First, in order to connect the fixed terminal 230 and the movable terminal 240 to supply power to the load, external power is supplied to the input coil 210 so that the end of the iron core 260 facing the permanent magnet 250 corresponds to By making the permanent magnet 250 and the opposite polarity, the permanent magnet 250 is pulled toward the iron core, and when the rod 270 installed with the movable terminal 240 is pulled as the permanent magnet 250 is pulled in this way, the movable terminal 240 is in contact with the fixed terminal 230.

At this time, even if the supply of external power to the input coil 210 is blocked, an attractive force with the end of the iron core 260 acts by the magnetic force of the permanent magnet 250, and the movable terminal 240 And the fixed terminal 230 remain in contact with each other.

That is, as described above, the present invention is a state in which the movable terminal 240 and the fixed terminal 230 are in contact with the magnetic force of the permanent magnet 250 itself even when the supply of external power to the input coil 210 is cut off. It can be maintained to prevent the occurrence of standby current due to continuous supply of external power.

Conversely, external power is supplied to the trip coil 220 in order to trip the connection between the fixed terminal 230 and the movable terminal 240 to cut off the power supplied to the load, and the permanent magnet ( The end facing 250) is made to have the same polarity as the corresponding permanent magnet, and the permanent magnet 250 is pushed in the opposite direction of the iron core 260 by a repulsive force, so that the permanent magnet 250 is pushed. As the rod 270 including the movable terminal 240 is pushed, the connection between the fixed terminal 230 and the movable terminal 240 is tripped.

The D-ZRC 300 receives the current information measured by the CT built in the wiring breaker 100 and the voltage information of the three-phase line between the wiring breaker 100 and the zero relay 200 and The circuit breaker 100 and the zero relay 200 are controlled.

More specifically, the D-ZRC 300 is a measurement current information receiving unit 310, a measurement voltage information receiving unit 320, a current & voltage setting unit 330, a time setting unit 340, as shown in FIG. , And a control unit 350.

The measurement current information receiving unit 310 receives measurement current information measured by the first CT 110 and the second CT 120 built in the distribution breaker 100.

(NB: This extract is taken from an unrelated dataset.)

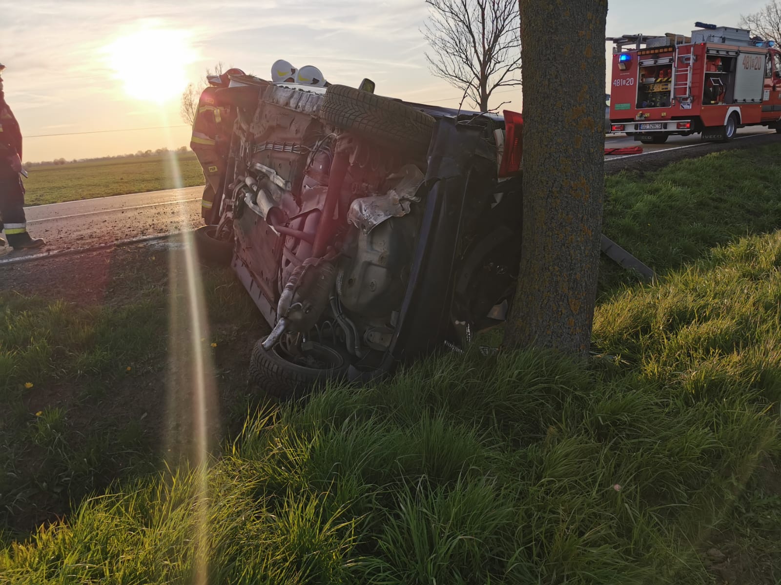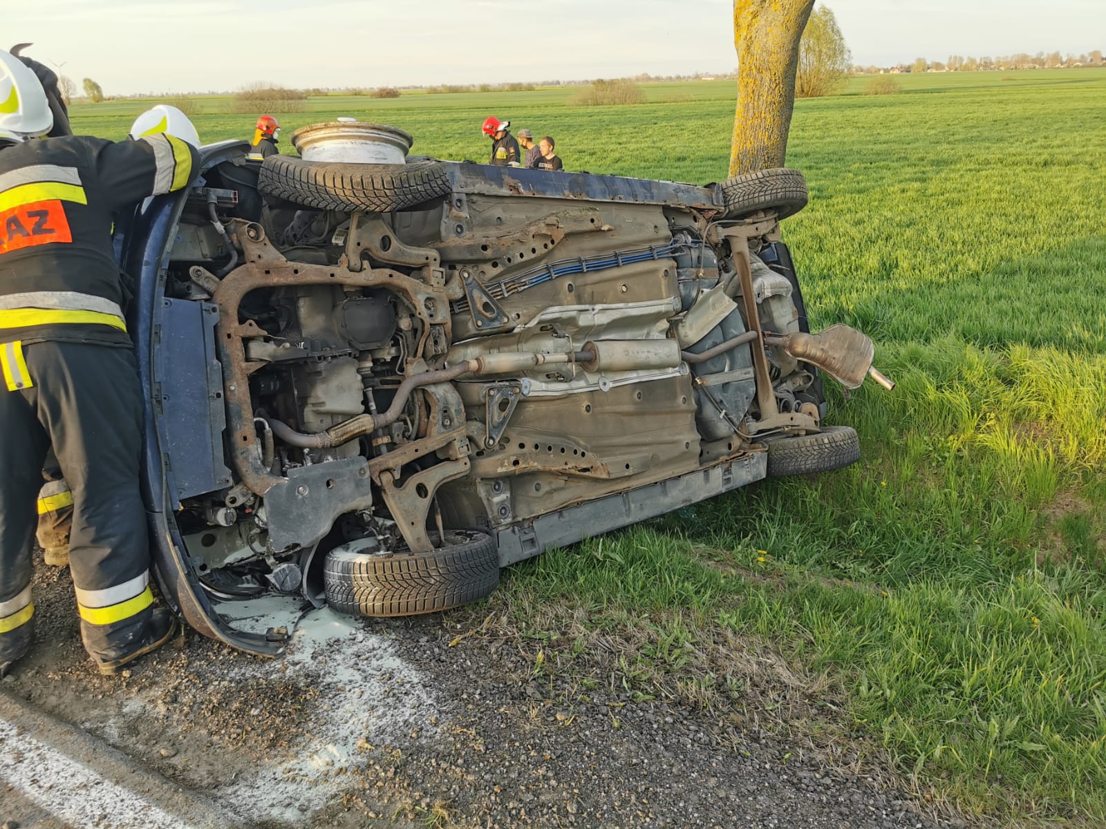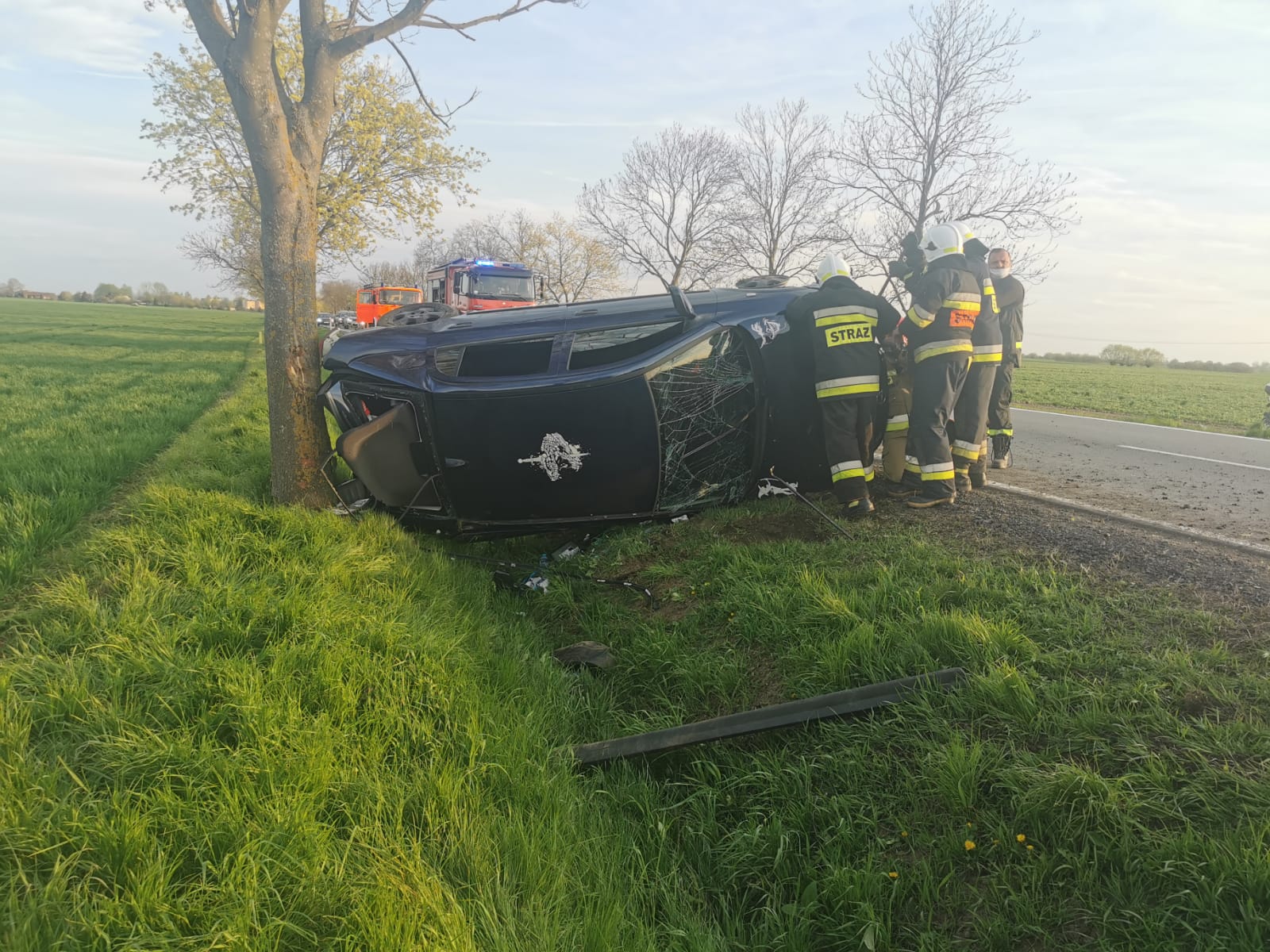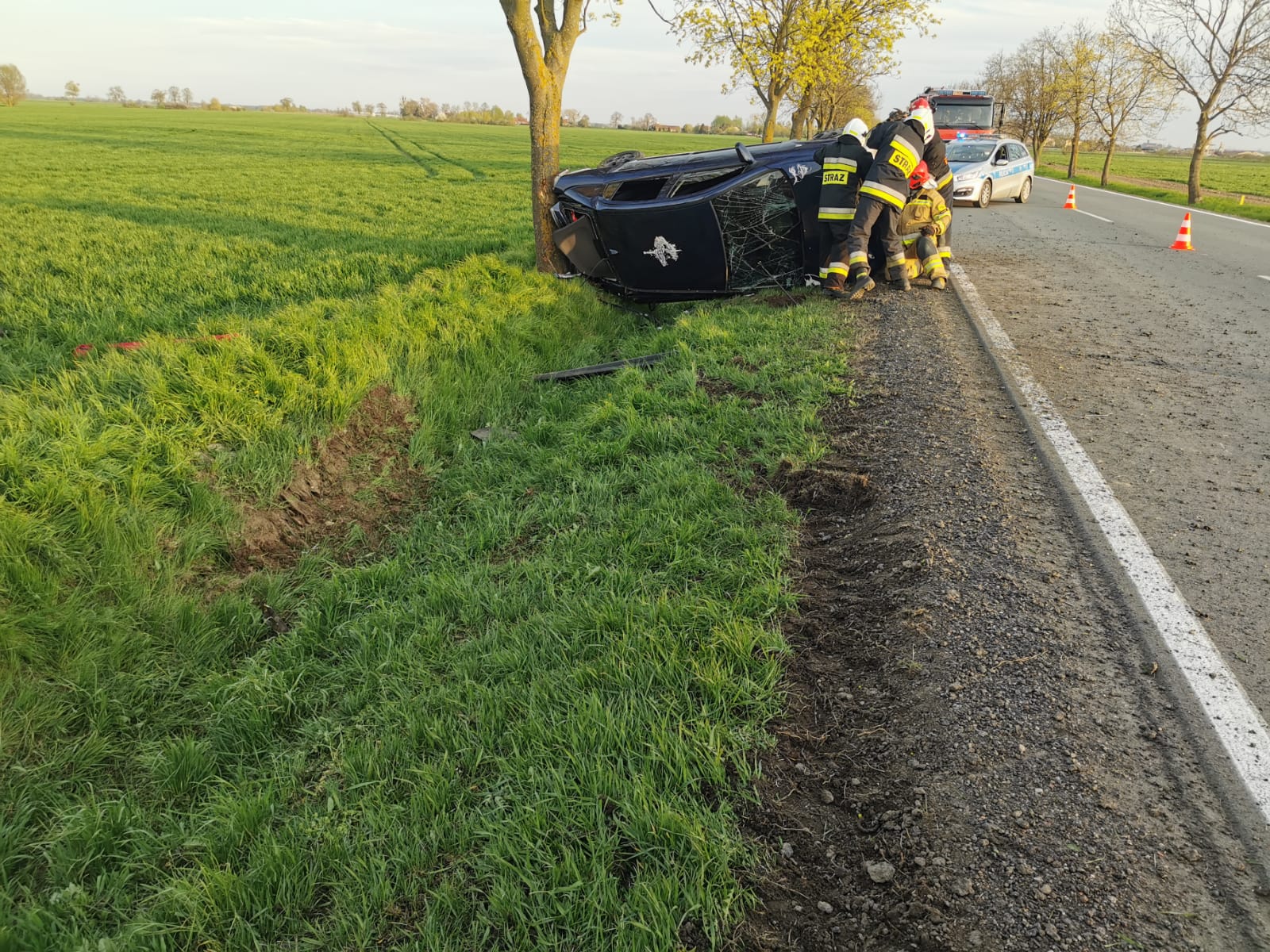 Po dojeździe zastępów GBA 2,5/16, GLBARt z JRG Malbork do miejsca zdarzenia kierujący działaniami ratowniczymi zastał wypadek samochodu osobowego na drodze krajowej nr 55. Samochód znajdował się w rowie na boku. Cztery osoby poszkodowane (kobieta i dwie dziewczynki - 11 i 15 lat i kierujący mężczyzna) poza pojazdem. Podjęte działania – Zabezpieczenie miejsca zdarzenia. Wprowadzono ruch wahadłowy. Dojazd Policji. Udzielenie pomocy medycznej osobom poszkodowanym (wsparcie psychiczne, badanie urazowe, opatrunki, szyna Kramera). Dojazd OSP Lasowice Wielkie i ZRM. Przekazanie osób poszkodowanych ratownictwu medycznemu. Odłączenie akumulatora w pojeździe. Dziewczynka 11 lat z matką zabrane przez ZRM do szpitala. Pozostałe osoby pozostają na miejscu decyzją ratowników medycznych. Od dysponowanie GLBARt. Dojazd technika policyjnego w celu oględzin miejsca zdarzenia. Od dysponowanie GBA z JRG Malbork. Dojazd lawety i pomoc przy załadunku rozbitego samochodu. Usunięcie resztek powypadkowych. Zakończenie działań i powrót do jednostki.

The measured voltage information receiving unit 320 is connected to a three-phase line wired from the wiring breaker 100 to the zero relay 200 to directly measure the voltage of the line to collect information, or on the three-phase line Each voltage sensor may be formed to receive information measured by the corresponding voltage sensor.

According to a user's manipulation, the current & voltage setting unit 330 sets the size of the current value required to determine whether the current input to the motor is an overcurrent or an instantaneous large current.

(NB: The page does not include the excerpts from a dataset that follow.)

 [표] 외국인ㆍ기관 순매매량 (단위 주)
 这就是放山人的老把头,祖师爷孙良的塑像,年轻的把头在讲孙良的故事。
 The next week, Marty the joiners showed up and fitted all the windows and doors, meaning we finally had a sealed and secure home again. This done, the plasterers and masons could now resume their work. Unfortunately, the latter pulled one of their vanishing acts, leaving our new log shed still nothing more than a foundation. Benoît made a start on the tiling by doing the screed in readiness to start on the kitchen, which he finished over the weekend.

In addition, the current & voltage setting unit 330 is a reference voltage required for opening and closing of the electric motor 400 in order to determine a low voltage, an overvoltage, or a phase loss of a line wired from the wiring breaker 100 to the zero relay 200 Set the value.

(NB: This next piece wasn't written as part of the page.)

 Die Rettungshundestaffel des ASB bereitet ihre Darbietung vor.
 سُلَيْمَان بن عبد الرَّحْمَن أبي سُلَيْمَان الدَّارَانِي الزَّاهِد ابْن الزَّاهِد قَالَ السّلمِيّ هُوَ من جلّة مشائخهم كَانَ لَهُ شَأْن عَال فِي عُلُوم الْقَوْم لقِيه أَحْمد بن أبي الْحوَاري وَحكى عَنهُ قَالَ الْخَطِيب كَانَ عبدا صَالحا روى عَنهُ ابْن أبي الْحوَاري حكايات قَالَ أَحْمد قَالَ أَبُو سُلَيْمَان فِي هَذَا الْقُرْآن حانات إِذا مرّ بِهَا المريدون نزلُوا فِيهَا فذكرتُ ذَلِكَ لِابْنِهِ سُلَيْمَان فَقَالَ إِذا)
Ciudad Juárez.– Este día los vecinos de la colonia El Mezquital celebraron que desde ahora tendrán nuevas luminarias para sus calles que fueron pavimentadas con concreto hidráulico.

In addition, the current & voltage setting unit 330 sets a reference current value for determining an instantaneous large current of an electric motor wired from the wiring breaker 100 to the zero relay 200.

The instantaneous high current generally exceeds the motor starting current [(6 to 8 times the operating current) and includes an arc current, a short-circuit current, and the like.

The D-ZRC 300 stops the trip signal of the zero relay 200 when the current value input to the motor exceeds the instantaneous high current value preset in the current & voltage setting unit 330, and only the wiring breaker 100 By outputting the trip signal, it is possible to prevent burnout of the zero relay 200 having no arc extinguishing blocking capability.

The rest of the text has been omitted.